The World Bank in its latest Nigeria Bi-Annual Economic Update released in Abuja, disclosed that irrespective of the expansion, many fiscal challenges remain at different levels of government, and effort is needed to successfully address them.
In addition, the World Bank averred that at present, states in the country remain under considerable fiscal stress, with states requesting continuation of the Budget Support Facility beyond the original end date of May 2017.
It warned that with no further fiscal consolidation, states’ fiscal and debt sustainability would continue to deteriorate. The report stated that with the shortfall in revenue, fiscal pressure persists at sub-national government levels, putting a strain on service delivery.

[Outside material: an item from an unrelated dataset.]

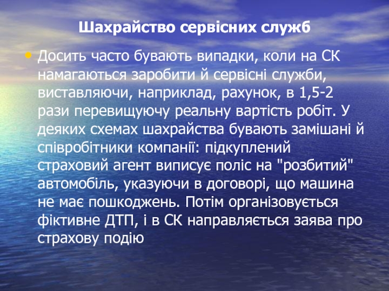 й сервісні служби, виставляючи, наприклад, рахунок, в 1,5-2 рази перевищуючу реальну вартість робіт. У деяких схемах шахрайства бувають замішані й співробітники компанії: підкуплений страховий агент виписує поліс на "розбитий" автомобіль, указуючи в договорі, що машина не має пошкоджень. Потім організовується фіктивне ДТП, і в СК направляється заява про страхову подію

It explained that the dramatic fall in oil revenue and lack of fiscal consolidation led to a rapid increase in States’ indebtedness, necessitating two sets of financial assistance interventions from the Federal Government.
“Under assumptions of a fragile economic recovery (with slightly higher oil price and production), no significant increase in non-oil revenues collected federally or by the States (IGR), no further rationalization of State expenditures, as well as no financing constraints, total State fiscal deficits could remain around one per cent of GDP annually through the medium-term.
“In this scenario with limited or no fiscal consolidation, States remain vulnerable and continue to represent a significant source of fiscal risks and macroeconomic instability for the country. The need to strengthen fiscal performance through sustaining state fiscal reforms that have been accelerated in the past two years is therefore of paramount importance,” the World Bank said.
The report further noted that the fiscal deficit of states in the country increased significantly from an estimated 0.2 per cent of GDP in 2014, to one per cent in 2015 and 2016, adding also that total state debt increased from 2.4 percent in 2014 to 4.0 percent of GDP by the end of 2016.
“The states’ fiscal crisis led to two sets of financial assistance packages by the Federal Government. The second—the Budget Support Facility, hinged on a 22-point Fiscal Sustainability Plan —was advanced in mid-2016 and due to close in mid-2017,” the World Bank said.
The multinational financial institution however stated that while all states had made progress on the reform measures included in the 22-point Fiscal Sustainability Plan, implementation is incomplete.
It argued that the need to strengthen fiscal performance through sustaining the state fiscal reforms that had been accelerated in the past two years was of paramount importance.
Commenting on the report, Ulrich Bartsch, World Bank Lead Economist for Nigeria said, “In light of the continuing fiscal pressures, there is a strong need to strengthen the performance of the states through the full and sustained implementation of reforms to increase internally-generated revenues and state spending efficiency, and to strengthen state debt management and fiscal transparency.”
Furthermore, the World Bank declared that although the negative spillovers from lower oil revenue have diminished with the increased availability of foreign exchange, macroeconomic imbalances remain and severe revenue shortfalls continue to hamper budget implementation.
In its outlook for the country, the World Bank projected Nigeria’s economic growth to average about one per cent in 2017, driven by recovering oil production and the positive impact on private sector activities from the increased supply of foreign exchange.